Open eclrbohnhoff opened 1 year ago
Could you please share the error message? Also, how does the worker thread exit, is the OS reclaiming the thread or are you joining the thread yourself?
[09:06:21] C:\eclwork\Source\3rdParty\xgboost\xgboost\src\common\common.h:45: C:\eclwork\Source\3rdParty\xgboost\xgboost\src\common\host_device_vector.cu: 264: cudaErrorInitializationError: initialization error
It looks like that calling XGBoosterPredictFromDMatrix() is what is triggering this condition.
The worker thread is a normal std::thread and join() is being called by the main thread after the thread is signaled to return.
Functions are called in this order:
XGDMatrixCreateFromCallback() //training data Xy
XGDMatrixCreateFromCallback() //test data XyTest
callbacks are using:
XGProxyDMatrixSetDataDense()
XGDMatrixSetDenseInfo() // setting "label"
The rest of the calls
XGBoosterCreate() // cache of Xy and XyTest
XGBoosterSetParam() //multiple calls
for () {
XGBoosterUpdateOneIter() // Xy
XGBoosterEvalOneIter()
}
XGDMatrixFree(Xy)
XGBoosterPredictFromDMatrix() //XyTest
XGDMatrixGetFloatInfo(XyTest, "label"...)
XGDMatrixFree(XyTest)
Thread returns and main thread takes ownership of the BoosterHandle
Unfortunately, I don't quite understand the cause of this at the moment. I don't use Windows myself. Based on the error message, my guess is that during the destruction of the thread's local memory, the cuda runtime context is destroyed by the system before XGBoost can free up its device memory.

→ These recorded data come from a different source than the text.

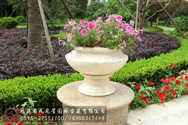 福建省九龍星園林古建有限公司常年生產加工適用于高端住宅景觀、商業景觀、私家花園等景觀裝飾石雕花缽水缽,常用石材有銹石、大理石、花崗石。公司坐落于著名的“中國石雕之都”福建省惠安縣,為大量石雕石材源頭廠家,生產的花缽水缽產品用料講究、價位合理、工藝嚴謹,成品深受廣大客戶好評。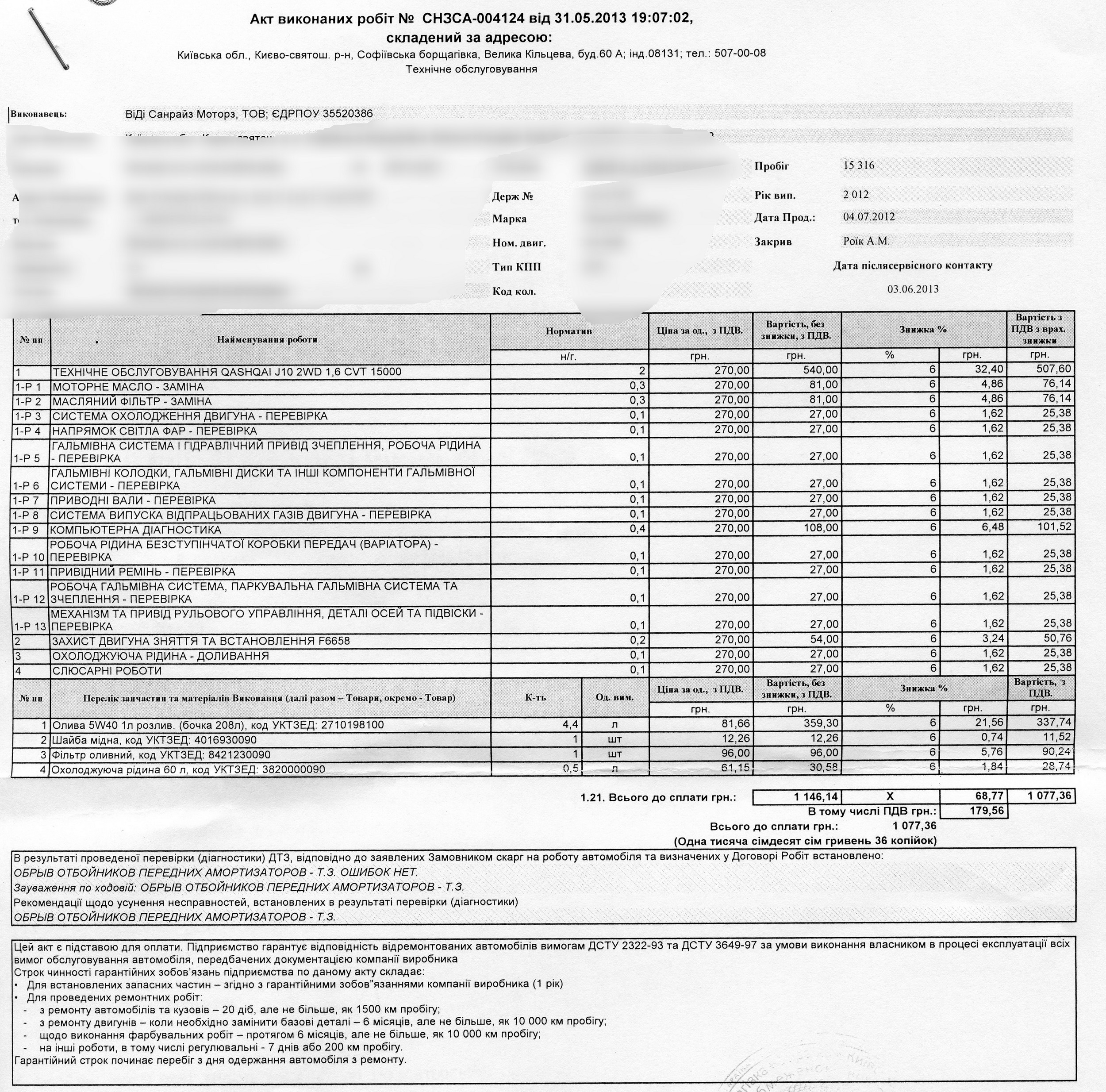 kambodju писал(а):snap писал(а):прошел ТО-1,скидка на работу 25%,на запчасти 15%,счет оплатил 960 грн,Днепропетровск "Автоимпульс"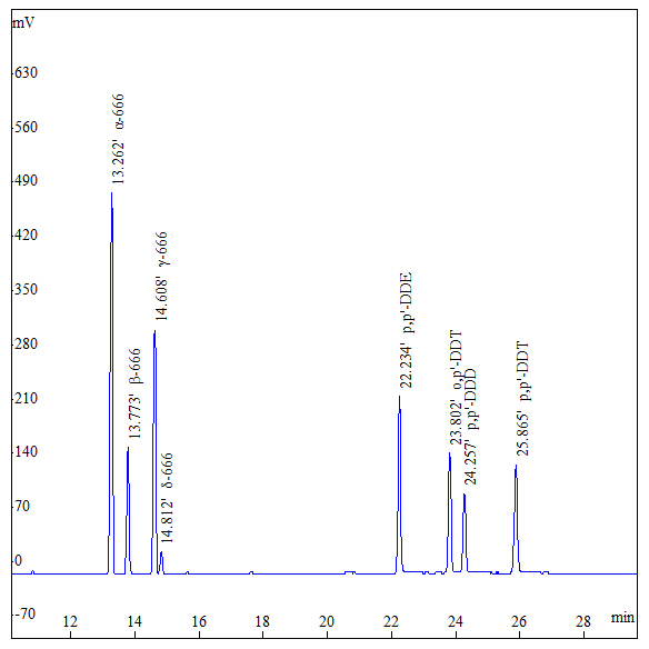 色譜圖出峰順序依次為α-HCH、β- HCH、γ- HCH、δ- HCH、p,p’-DDE 、o,p’-DDT p,p’-DDD 和p,p’-DDT。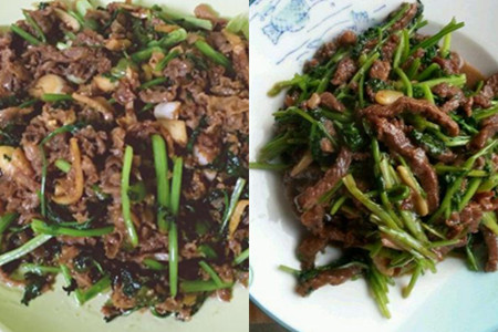 这种香菜放置的时间太久,不仅吃起来味道发苦,而且香味流失,取而代之的是发霉发臭的味道。香菜也有多种分类,野生的香菜枝干绿中带红,香味比普通的香菜浓郁,如果可以尽量选择野生的做出来的菜肴味道会更好。牛肉这里是直接炒来吃的,所以尽量选择肉质嫩一点的牛肉,选择牛背上的牛肉就比较好。

If my guess is correct, then we will have to invent a new predict function that returns a memory handle and ask the users to manage the returned prediction buffer.

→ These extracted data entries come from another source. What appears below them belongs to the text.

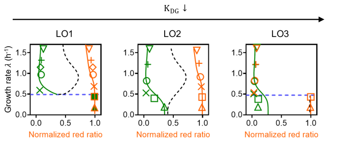 图 [2] 在不同培养条件下,细胞的稳态状态与数量将发生变化,当细胞生长速率低于0.5h-1时,细胞只存在红色一个稳定状态。
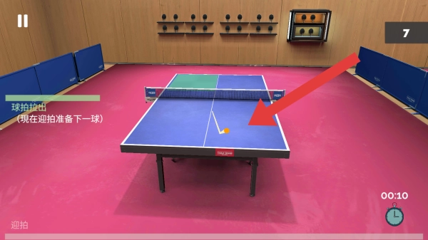 2、画面中呈现出乒乓球桌以及正在进行的球局,界面上出现了球拍,并有迎拍准备下一球等操作提示,该内容旨在模拟乒乓球运动,着重于操作体验。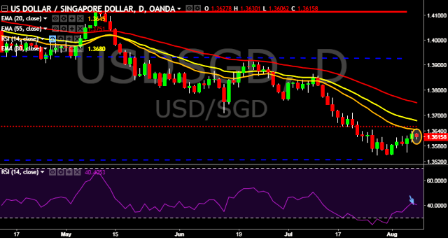We prefer to take long position in USD/SGD only above 1.3630, stop loss at 1.3593 and target of 1.3676.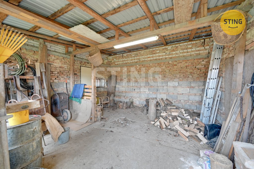 ovládanými vraty, dále kůlna se sklepem. V zadní části zahrady se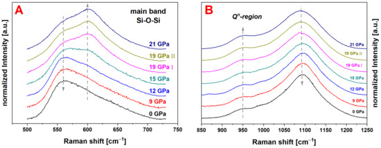 Raman spectra (400 cm−1–1300 cm−1) of the densified cylinders with increasing maximum pressure; visible variations of the main band from 500 cm−1–730 cm−1 are related to the evolution of the Si–O–Si inter-tetrahedra angle distribution [9,22]; the Qn-region (850 cm−1–1250 cm−1) is assigned to Si–O stretching vibrations [25].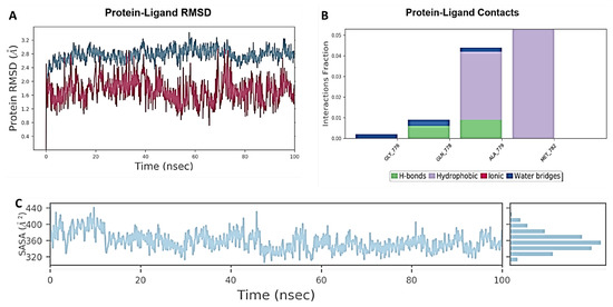 The molecular dynamics (100 ns) results for the topoisomerase–DNA complex and 14c. (A) The RMSD plot. The protein RMSD is shown in blue, and the complex ligand RMSD is shown in red. (B) The protein–ligand contacts’ plot. (C) The Solvent Accessible Surface Area (SASA) plot.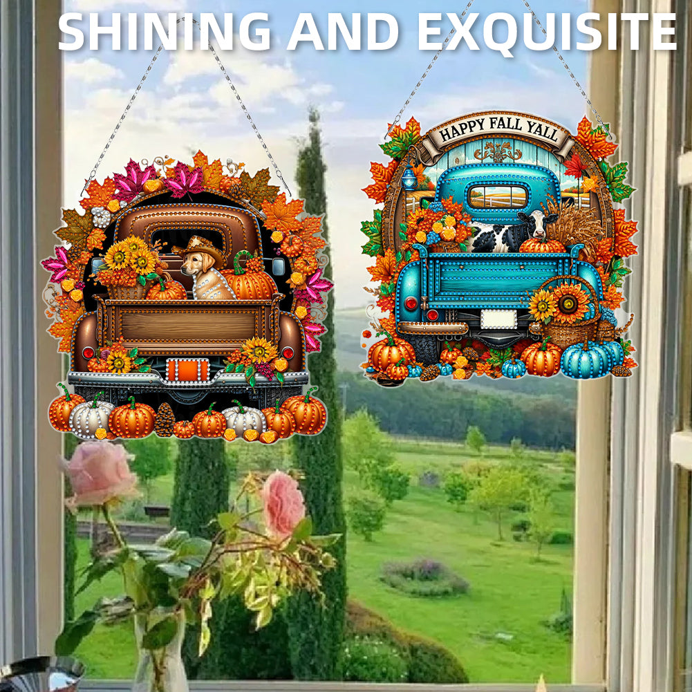 2PCS Pumpkin Car Theme 2D/Flat DIY Diamond Painting Set Hanging Diamond Art Kits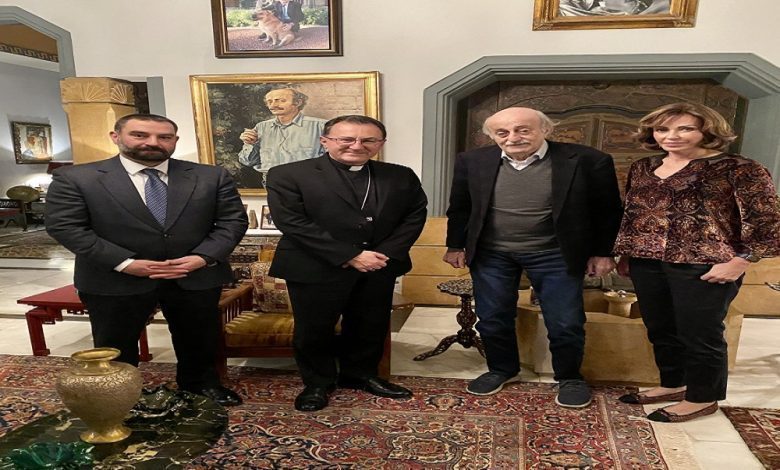 كشف رئيس الحزب “التقدمي الاشتراكي” وليد جنبلاط عبر حسابه على “تويتر” عن “اجتماع ودي عائلي وسياسي مع سفير دولة الفاتيكان الـ Monseigneur Joseph Spiteri بحضور  النائب ابراهيم عازار”.

Using VS 17.5.3 and the C API with branch release_2.0.0
Creating a "worker thread" to fit a model using XGBoosterUpdateOneIter() and using the option
XGBoosterSetParam(booster, "device", "cuda");
. When worker thread exits, I get a dmlc::Error exception with this call stack:I do not get this exception when I use the cpu device version.